Running an external model on the command line¶

Models that are compatible with CHAP can be used with the chap evaluate command:

$ chap evaluate --model-name /path/to/your/model/directory --dataset-name ISIMIP_dengue_harmonized --dataset-country brazil --report-filename report.pdf --ignore-environment  --debug

Note the --ignore-environment in the above command. This means that we don’t ask CHAP to use Docker or a Python environment when running the model. This can be useful when developing and testing custom models before deploying them to a production environment. Instead the model will be run directly using the current environment you are in. This usually works fine when developing a model, but requires you to have both chap-core and the dependencies of your model available.

As an example, the following command runs the chap_auto_ewars model on public ISMIP data for Brazil (this does not use –ignore-environment and will set up a docker container based on the specifications in the MLproject file of the model):

$ chap evaluate --model-name https://github.com/dhis2-chap/chap_auto_ewars --dataset-name ISIMIP_dengue_harmonized --dataset-country brazil

If the above command runs without any error messages, you have successfully evaluated the model through CHAP, and a file report.pdf should have been generated with predictions for various regions.

A folder runs/model_name/latest should also have been generated that contains copy of your model directory along with data files used. This can be useful to inspect if something goes wrong.

External models can be run on the command line using the chap evaluate command. See chap evaluate --help for details.

This example runs an auto ewars R model on public ISMIP data for Brazil using a public docker image with the R inla package. After running, a report file report.pdf should be made.

Passing model-specific options to the model¶

We are currently working on experimental functionality for passing options and other parameters through Chap to the model.

The first way we plan to support this is when evaluating a model using the chap evaluate command.

This functionality is under development.
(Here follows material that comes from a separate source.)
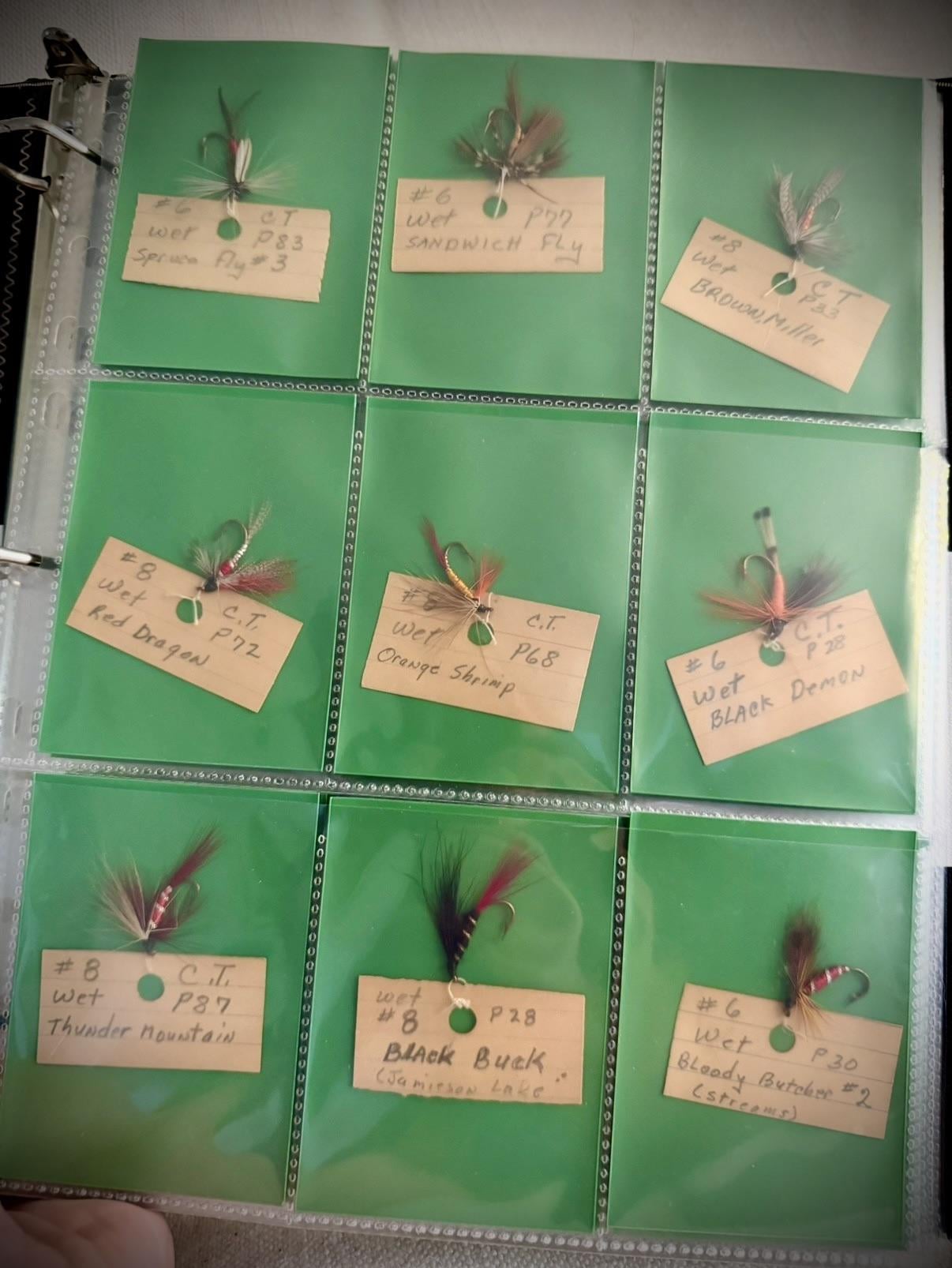 My neighbor passed away and his wife gave me a bag with over 50 flies in it. Each fly had a little card attached to it (I put all of the flies into card protectors in a binder). Each of the cards appears to have a page number on it and my hope is that someone on here can identify the book associated with the page numbers. I can provide pictures of more flies if anyone thinks that would help. Thanks!

Below is a minimal working example using the model naive_python_model_with_mlproject_file_and_docker. This model has a user_option some_option, which we can specify in a yaml file:

chap evaluate --model-name external_models/naive_python_model_with_mlproject_file_and_docker/ --dataset-name ISIMIP_dengue_harmonized --dataset-country vietnam --n-splits 2 --model-configuration-yaml external_models/naive_python_model_with_mlproject_file_and_docker/example_model_configuration.yaml

Running an external model in Python¶

CHAP contains an API for loading models through Python. The following shows an example of loading and evaluating three different models by specifying paths/github urls, and evaluating those models:

import pandas as pd

from chap_core.assessment.prediction_evaluator import evaluate_model
from chap_core.external.external_model import get_model_from_directory_or_github_url
from chap_core.file_io.file_paths import get_models_path
from chap_core.file_io.example_data_set import datasets
import logging

if __name__ == '__main__':
    logging.basicConfig(level=logging.INFO)
    models_path = get_models_path()
    model_names = {
        #'deepar': models_path / 'deepar',
        'naive_model': models_path / 'naive_python_model_with_mlproject_file',
        # 'ewars': 'https://github.com/sandvelab/chap_auto_ewars'
    }

    dataset = datasets['ISIMIP_dengue_harmonized'].load()
    dataset = dataset['vietnam']
    n_tests = 7
    prediction_length = 6
    all_results = {}
    for name, model_name in model_names.items():
        model = get_model_from_directory_or_github_url(model_name)
        results = evaluate_model(model, dataset,
                                 prediction_length=prediction_length,
                                 n_test_sets=n_tests,
                                 report_filename=f'{name}_{n_tests}_{prediction_length}_report.pdf')
        all_results[name] = results

    report_file = 'evaluation_report.csv'
    df = pd.DataFrame([res[0] | {'model': name} for name, res in all_results.items()])
    df.to_csv(report_file, mode='w', header=True)